Around five years ago, a certain type of story started to pop up. The headline would be some version of “every company is now a data company” and the article went on to explain how business success would increasingly be defined by companies’ ability to collect, sort, and analyze the growing mountain of data related to their operations and customers. Since then, this breed of story has been written again and again, with no end in sight.
This isn’t to say those stories are wrong. On the contrary, the “every company is a data company” mantra is much more than a platitude delivered at conferences and in trade journals, especially during a pandemic that’s forced those same companies to take a much closer look at what is and isn’t working internally.
Even prior to the COVID-19 outbreak, every day brought new evidence that the most successful companies were data-driven and willing to invest a lot in staying on the cutting edge. McDonalds’ recent $300 million acquisition of Dynamic Yield to obtain better insight and intelligence from its data is one sign of the value that leading companies are placing on data. So is the rise of “experience management” firms such as Qualtrics, Podium, and InMoment that help firms gather and make sense of data from their customers.
But the data company hype obscures a much more meaningful and difficult to answer question: What’s actually worth measuring when you can measure almost everything?
At its most fundamental level, data is about the search for leading indicators. The kind of information that has predictive power, enabling you to truly understand your customers and put you a step ahead of the competition. Even five years after those data company stories started appearing, a surprising number of companies are focused too much on lagging indicators like profit margins and sales numbers.
Companies want to get a better view of their customer or operations, but many are handicapped by having their data siloed in different systems. A lot of organizations risk drowning in data that they don’t have the skills or systems to create reliable information out of or to access in a way that isn’t overly time-consuming.
A common misconception that prevents many companies from embracing data is that it’s something for the Googles, Ubers, and Facebooks of the world, but not for the little guys. A few years ago, there was some truth to that: Setting up a data infrastructure could be a seven-figure investment after you factored in hardware, software and developer costs.
These days, it’s not cheap or free but it has become dramatically more accessible for all stripes of companies. With the advent of the pay-as-you-grow cloud services and SaaS-based platforms, companies can start investing in their data for dollars per day and have the flexibility to scale up or down as the value of the solution grows, rather than investing a fortune up front in hopes it might one day pay off.

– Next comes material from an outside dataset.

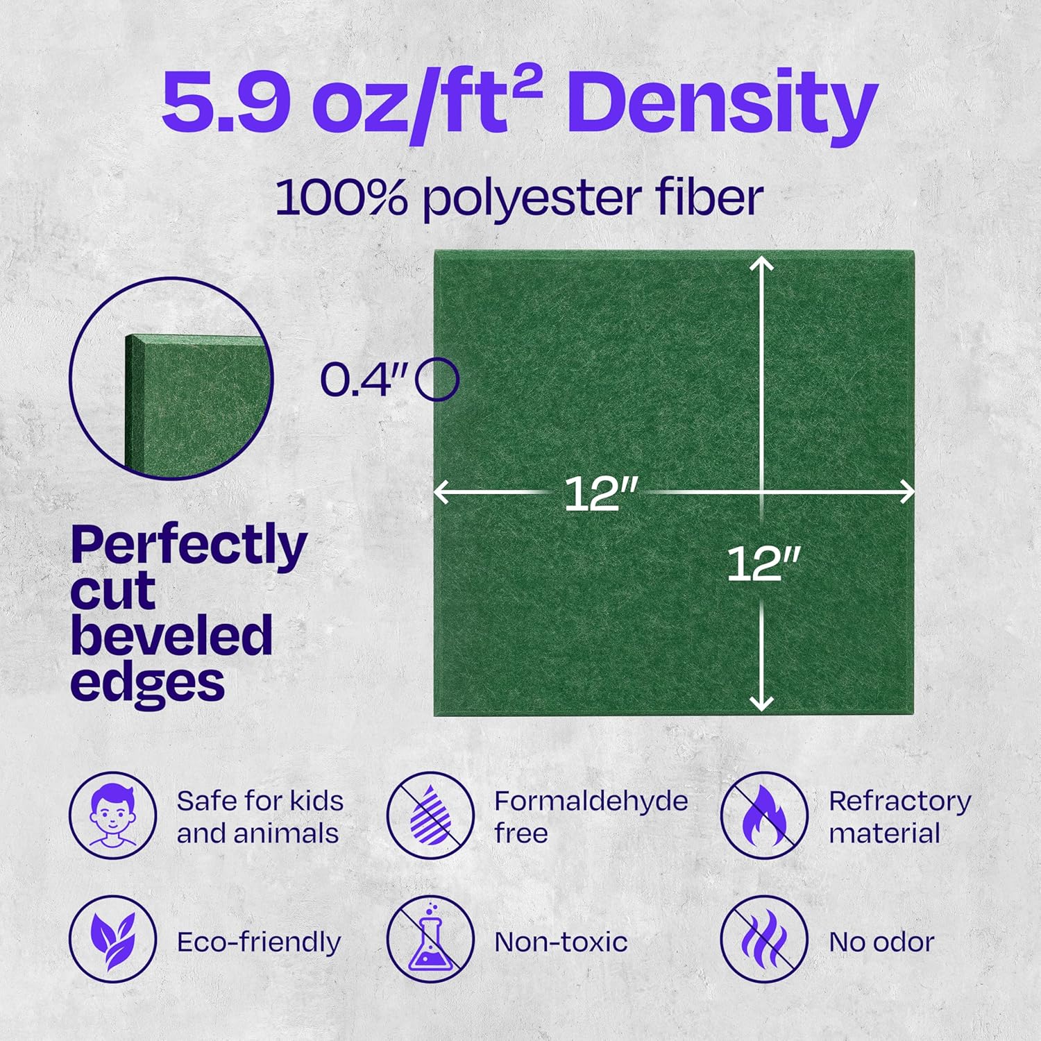 Acoustic Panels 12-Pack Soundproof Wall Panels 12"X12"X0.4" Sound Panels High Density Sound Dampening Panels - [Dark Green Square]

The sheer variety of companies that are now able to access data and use it to obtain actionable leading indicators also means the data revolution has truly arrived, a mere five years after it was advertised.

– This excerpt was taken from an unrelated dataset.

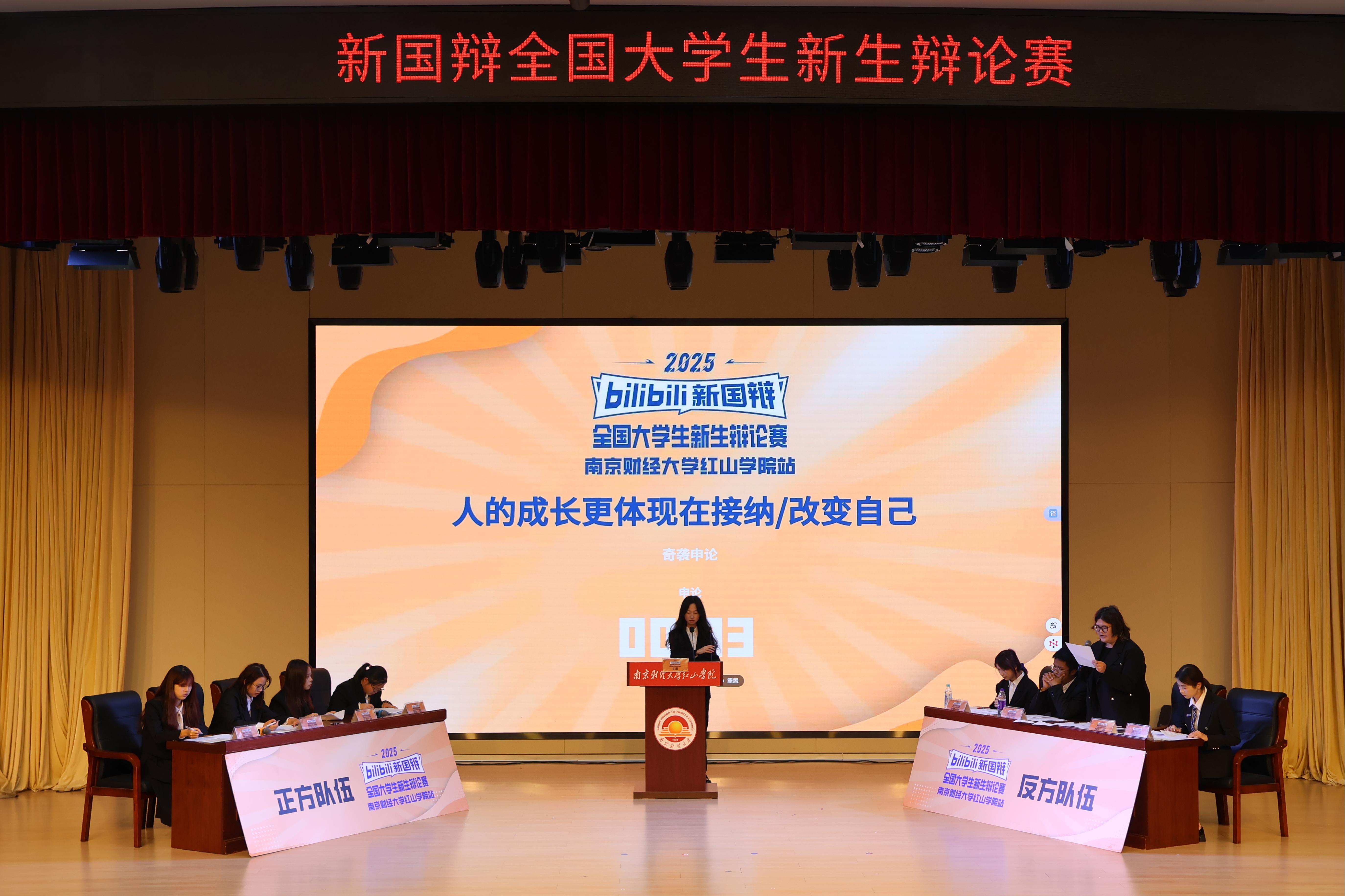 12月12日,枫荷辩论社在鹿鸣剧院举办“bilibili新国辩新生辩论赛”决赛。团委书记千继贤、金融税收学院团总支书记许艺蓝、辩论社指导老师邱海龙、社长赵栗和盖玉涛担任评委,决赛由李玲同学主持。师生代表齐聚一堂,现场观摩决赛。

One company we’ve worked with in the past that specializes in commercial building installs, for example, was able to identify and track a crucial leading indicator it wasn’t previously aware of. It found that if its product wasn’t ordered 120 days before a job started it led to delays that made the difference between making money or not. Another company in the asphalt business that was once a client has been able to analyze publicly available rail data to identify patterns in shipments from competitors’ plants. That enables it to assess how close its rivals are to capacity and shapes how aggressive it is in bidding on new contracts.

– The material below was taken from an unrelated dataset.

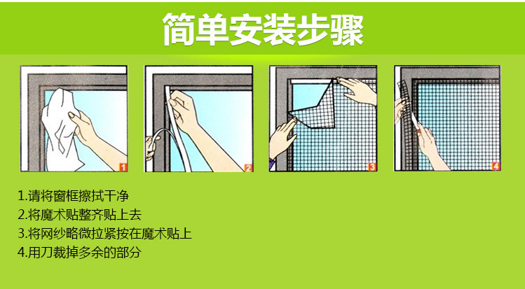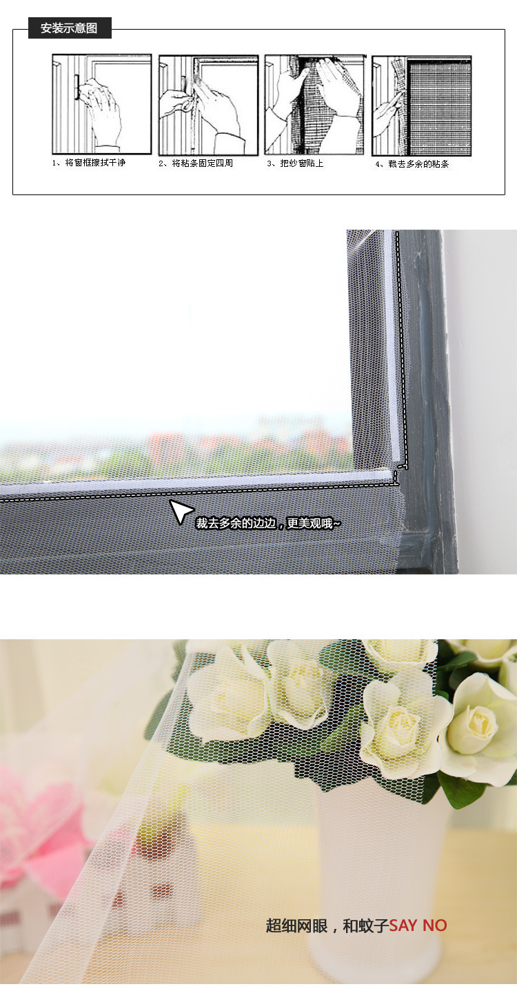 1:可根据窗户的尺寸任意切割防蚊纱网,成为您需要的尺寸,diy方便,适当任何窗户。

The most successful companies are the ones finding ways to access and interpret key leading indicators. One company in the storage business, for example, has been able to leverage the data from reviews that customers leave about their experience at different sites. Combing through the data using keywords—especially ones having to do with rodents or water damage—to identify positive and negative responses has enabled it to address problems and soothe unhappy customers rapidly. It’s also been able to scrape through call center transcripts to identify patterns in customer comments, using AI transcription tools that were once unavailable or prohibitively costly.
These are prime examples of data that in the past wouldn’t have been seen as useful or accessible but whose value is now being unlocked through technology that’s cheap enough for most to access. And its trickle-down effects are being felt everywhere, from ER waiting rooms to car dealerships.
The good news for companies who haven’t yet jumped on the data train is that much of this gold dust is already in their hands. The cloud-based analytics solutions that are now widely available and affordable offer the key to liberating that trapped data and putting it to work.
The bad news is that it still takes work. Perhaps more than it ever did in the past, since the volume of data that needs sifting has gone up in lockstep with the lowered cost of its collection.
That’s a major detail that’s been left out of the majority of stories written about data’s ability to change every business. Sure, today every company could be a data company. But not without a lot of effort.